I remember walking down Locust Walk when I came back to Penn in 1996 to become editor of the Gazette and wondering what it was that felt different about it. Finally, I realized that the trees lining the block between 36th and 37th streets had had more than a decade to grow since I had last been there. They were taller, thicker-trunked, and they gave a lot more shade than the relative saplings of my (unconscious) memory. Which is to say that Penn’s campus is always changing, in a multitude of small ways that go largely unremarked.
    And then there are times like the present, when the sights and sounds of change on campus are impossible to ignore. We devote a good portion of this issue to a look at those changes, from a couple of different perspectives.
    First, Penn is in the midst of its biggest building program in 30 years. We’ve reported on some of these projects individually, but a kind of critical mass has been reached lately. The University appears to be at one of those moments that redefine the shape of the campus and the experience of living, working and learning here. On the cover, we offer a fanciful rendition of what the campus may look like in a few years; so much is going on that we had to make it twice as big as usual. Then, starting on page 22, there is a rundown of projects under way or announced—“Work in Progress”—illustrated with some striking construction photos by Greg Benson.
    One of the most significant efforts is a $300 million, 10-year program designed to upgrade and expand Penn’s undergraduate housing and dining facilities to better support the college-house system instituted in all University residences last year. In “The Dorm Transformed” (page 32), assistant editor Susan Lonkevich reports on the system’s first year, its roots in Penn’s past and how it compares to living/learning initiatives at other schools across the country.
    One major distinction of Penn’s system, according to Dr. David Brownlee, professor of art history and director of the Office of College Houses and Academic Services, is that these communities are helping to “design themselves”—both in terms of the programming they will offer and the physical space they will inhabit. Students who live in the affected college houses serve on committees overseeing renovations to the Quadrangle dormitories and the renovations and new construction planned for Hamilton Village (the former Superblock).

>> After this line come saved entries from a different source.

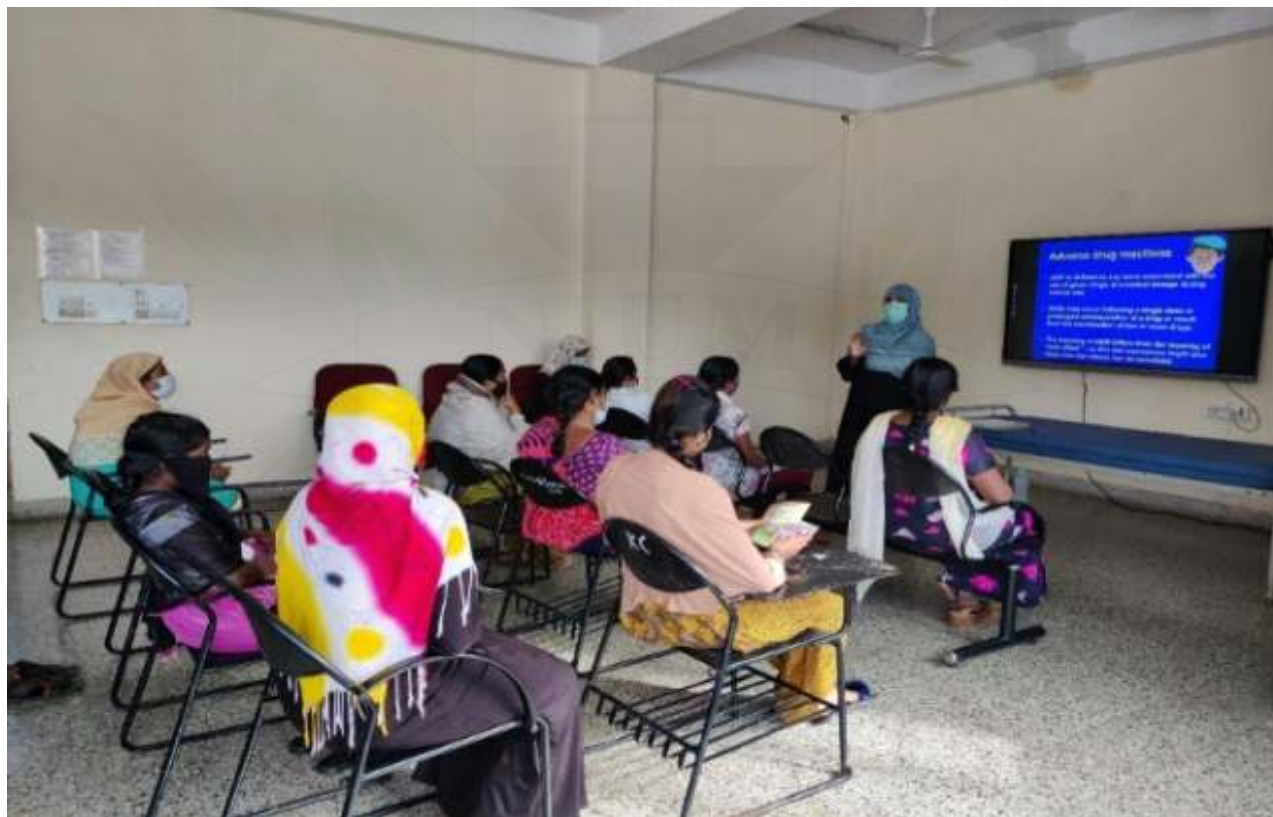
Awareness Programmes by IPVC, NIUM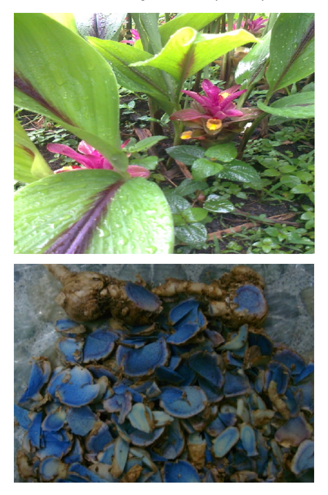
Figure 2. Curcuma caesia plant with their fluorescenct and sliced rhizome

headache, expectorant, diuretic, carminative (Jagadish et al., 2010), stomachic, coughs, pectoral affections, stoppage of nasal blocs, asthma and hypertension (Rahman et al., 2004). It has reported to have expectorant, carminative, diurectic, coughs, pectorial infectious and inflammatory tumors (Fatima et al., 2000), antioxidants (Sataporn et al., 2008) and antimicrobial (Parvezet al., 2005). The methanolic extract of the rhizome contains ethyl p-methoxy trans-cinnamate which is highly cytotoxic to HELA cells (Vincet et al., 1992). The rhizome extract has been potentially active against bacterial infections (Supinya et al., 2005). In Thailand, the rhizome has been used as cardiotonic and CNS stimulant (Mokkhasmit et al., 1971). The rhizome of K.galanga has been used for treatment of fungal derived skin diseases as well as eczema (Tungstronjit, 1978). Which contains essential oils has been used in Chinese medicine as a decoction or powder for treating indigestion, cold, pectoral and abdominal pains, headache and toothache. Due to its increasing demand and overexploitation without ensuring its regeneration, the plant has recently been categorized as an endangered species, the plant is also having some amount of antifungal protein against drug-resistant Candida albicans (Mannangatti and Narayanasamy, 2008).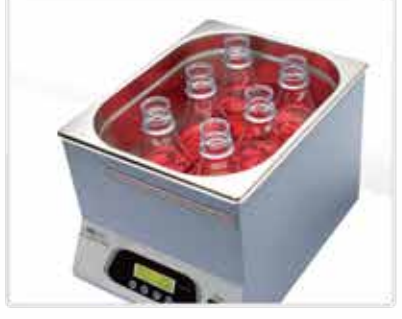
Max. chamber capability (no using stirring mixture function): 6 sets of 250ml flasks 4 sets of 500ml flasks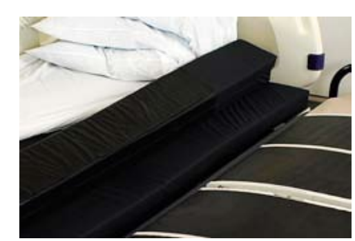
Hinged transfer pad allows full bed coverage and fits narrow stretchers.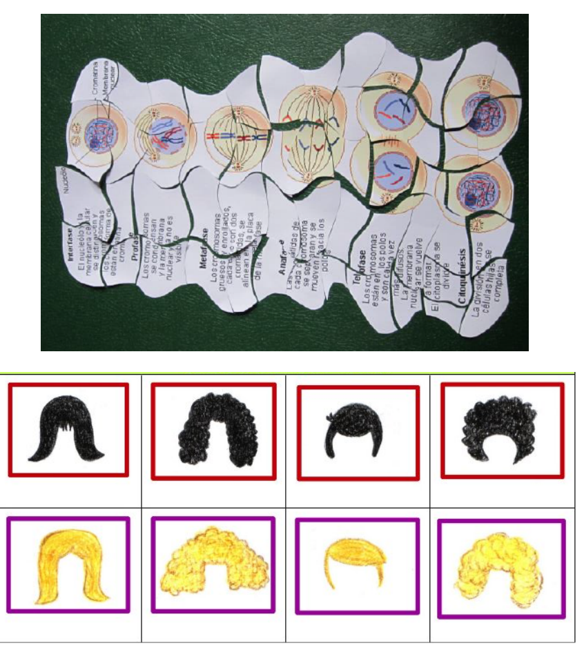
Figure 03. Materials for games related to biology topics, designed by a secondary teacher in training: mitosis puzzle and stickers with wigs for playing with genetics

Regarding the end-of-Master's teaching-proposal project, secondary teachers in training were able to design their own educational approaches based on playful learning for scientific education. They also prepared the materials needed to implement the proposal. An example can be seen in Figures 03 and 04.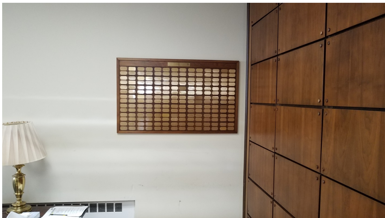
3. Wall plaque with names associated with niches at right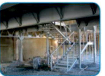
Chelyabinsk, Furniture Factory BERLONI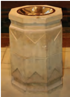
The baptismal font

From the choir gallery, looking towards the sanctuary, the beauty and design of the church can be fully appreciated. Looking upwards the decorated roof can be seen with the division between the pre-war building and its completion in 1960. The internal walls of the church are dressed in brown Hornton stone.

    Brownlee is also one of a pair of experts on Penn’s architecture—the other is Dr. George Thomas Gr’75, lecturer in historic preservation—interviewed by senior editor Samuel Hughes in “Treasures & Travesties” on page 38. The two men, who are co-authors of a book on the subject due out next year from the University of Pennsylvania Press, range over the high- and low-lights of a century’s worth of campus buildings put up (and torn down) since the University moved across the Schuylkill River into West Philadelphia.

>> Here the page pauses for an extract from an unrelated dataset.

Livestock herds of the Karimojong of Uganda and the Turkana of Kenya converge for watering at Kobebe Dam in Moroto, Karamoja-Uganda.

    How the students who learn or live (or learn and live) in the new campus buildings will remember them will depend only partly on their aesthetic quality, of course. For example, I can’t dispute the critical drubbing Superblock receives, here and elsewhere, and can only applaud any effort to make it more inviting and livable in its latest incarnation as Hamilton Village. On the other hand, I also can’t walk from 38th to 40th Street without recalling that, while living in High-Rise East (as we called it) my freshman and sophomore years, I got to write and direct a couple of plays as a member of Arts House, one of the early “residential programs”; that I made my closest college friends while living in Van Pelt my junior year; and that, the winter of my senior year, I asked my wife out for the first time when we happened to run into each other—for the second time in exactly the same spot—outside High-Rise South. Whatever they do over there, I hope they leave that spot alone.